This folder contains scripts to reproduce the benchmark results reported in our documentation for the different tasks we cover.
The benchmark scripts evaluate models implemented in the danlp package but also models implemented in other frameworks.
Therefore more installation of packages is needed to run some of the scripts.

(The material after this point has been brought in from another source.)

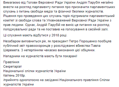 "Требуем от председателя Верховной Рады Украины Андрей Парубий немедленно внести на рассмотрение парламента вопрос о назначить парламентских слушаний по вопросам свободы СМИ и физической безопасности журналистов", - написал глава НСЖУ.

You can either look in the specific scripts to check which packages is needed, or you can install all the packages which is needed by pip install -r requirements_benchmark.txt
.
For running the sentiment_benchmarks_twitter
you need a twitter development account and setting the keys as environment variable.
-
Benchmark script for word embeddings in
wordembeddings_benchmarks.py
-
Benchmark script of Part of Speech tagging on Danish Dependency Treebank. SpaCy, Dacy, flair, polyglot and Stanza models are benchmarked
pos_benchmarks.py
-
Benchmark script of Dependency Parsing on Danish Dependency Treebank. SpaCy, Dacy and Stanza models are benchmarked
dependency_benchmarks.py
-
Benchmark script of Noun-phrase Chunking -- depending on the Dependency Parsing model -- on Danish Dependency Treebank. The (convertion of the dependencies given by the) spaCy model is benchmarked
chunking_benchmarks.py
-
Benchmark script on the DaNE NER dataset in
ner_benchmarks.py
-
Benchmark script for sentiment classification on LCC Sentiment and Europarl Sentiment using the tools AFINN and Sentida where the scores are converted to three class problem. It also includes benchmark of BERT Tone (polarity)
sentiment_benchmarks.py
-
sentiment_benchmarks_twitter.py
show evaluation on a small twitter dataset for both polarity and subjective/objective classification -
Benchmark script for Hate Speech Detection on DKHate. A BERT and an ELECTRA model for identification of offensive language are benchmarked
hatespeech_benchmarks.py